As a disclaimer, I realize lubricity is only one of many important characteristics of oil. Some others are film strength, viscosity, corrosion resistance, ad infinitum. The scope of my testing did not test any of these other characteristics. I was only interested in how slippery the oils were. One of the claims of the newer oils, which looks promising, is that they penetrate the metals on a molecular level, leaving a slippery surface, even after the oil is wiped off. I also tested this claim.

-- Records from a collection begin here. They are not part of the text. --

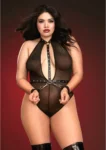 Discover the Fantasy Lingerie Curve Mesh Teddy – a sophisticated blend of high-neck stretch mesh and faux leather, crafted specifically in an inclusive plus size fit. Designed in classic black, this model features a chic high-neck silhouette with enhanced back coverage and a slightly shallower V-neckline for a confident, comfortable fit.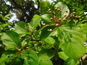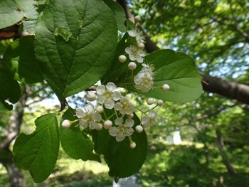 バラ科 カマツカ属 鎌柄 学名:Pourthiaea villosa 別名:ウシゴロシ、 ケナシウシゴロシ 落葉小高木。 長枝と短枝があり、 葉は長枝に互生し、短枝に束生する。 葉の縁に細かく鋭い鋸歯がある。 花は初夏に白く咲く。 果実は秋に熟し、赤くなる。 材が粘り強く、鎌の柄に使われたことが和名の由来。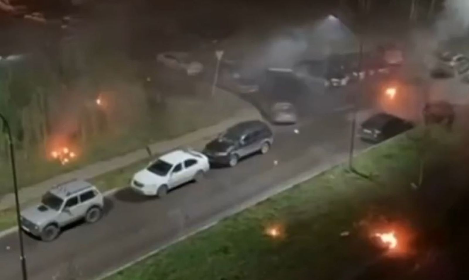 Обломки упали на парковку у жилых домов, повредив сразу несколько машин. Пострадавших в результате падения сбитого беспилотника нет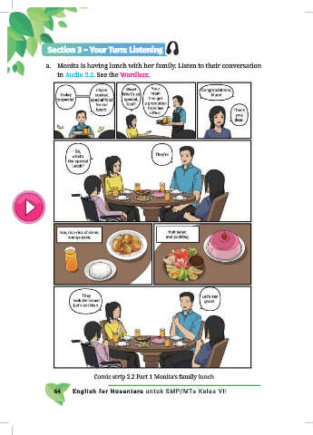 Section 3 – Your Turn: Listening a. Monita is having lunch with her family. Listen to their conversation in Audio 2.2. See the Wordbox. Comic strip 2.2 Part 1 Monita’s family lunch f 64 English or Nusantara untuk SMP/MTs Kelas VII

My apparatus consisted of two 1 ¼” chrome plated steel ball bearings, welded together. I also had a piece of extruded aluminum angle, hinged at one end. I put the balls in the “v” groove of the aluminum, and elevated one end. From the angle of the aluminum at which the balls began to slide, I could calculate the amount of force necessary to move the balls (Force=m*a*sine?). From this I could calculate the frictional force we had to overcome (Friction=N*m), and the coefficient of friction for each oil (N). However, all of these numbers are proportional to the angle involved, so I am simply showing the angle involved in each case. The smaller the angle, the slicker the oil.
Upon completion of one sample, I would clean the apparatus by wiping everything with a solvent. Then, I would re-test the balls dry (no oil present), as a control. In this manner I felt that I could determine if any of the oils really were penetrating the metal. If this occurred, I would abrade the surface of the aluminum with Scotch-Brite until the control returned to normal, before going to the next sample. The oils which penetrated the metal are marked in the note section as leaving residue after cleaning.
|3 in 1||oil||18|
|Corrosion X||19||left residue after cleaning|
|Dillon Case Lube||Dillon||17||Lanolin with alcohol carrier|
|Hoppe's gun oil||Hoppe's||23|
|Imperial Sizing Die Wax||Redding||18|
|Lee Case Lube||Lee||13|
|Marvel Mystery Oil||20|
|Mil Oil 46||17||left residue after cleaning|
|Militec||Militec||19||left residue after cleaning|
|Moly Dry Spray||32|
|No Oil (dry)||27|
|Penn Reel Oil||Penn||22|
|RemOil w/Teflon||Remington||17||left residue after cleaning|
|RP-10 MPC||Reel Power||21|
|Shimano Reel Oil||Shimano||19|
|Silicote Reel Oil||Abu Garcia||21||left residue after cleaning|
|STP Oil Treatment||STP||19|
|Suber Lube||21||left residue after cleaning|
|SynFilm 32||Royal Purple||18|
|Tetra Gun Grease||Tetra||21|
|Tetra Gun Oil||Tetra||20||left residue after cleaning|
|Ultra fine Gun Oil||Browning||17|
|Vacuum Pump oil||Varian||24|
|WD-40||15||left residue after cleaning|
|ZeroFriction||19||left residue after cleaning|
Initially, I expected to see a few oils which would really stand apart from the crowd. This did not prove to be the case.
As far as firearms and fishing reels are concerned, a person would do well to try any of the oils which do, in fact, penetrate the metal. Please note that these types of oils should be applied to a clean metal surface to work properly. Also note that some of the synthetics will not mix with the hydrocarbon oils. However, it is a mistake to assume that the $10.00 per ounce oils lubricate any better than the cheaper ones. The differences are relatively minor.
As for myself, I will not be concerned for many years, as I still have to use up all of these samples I purchased for testing.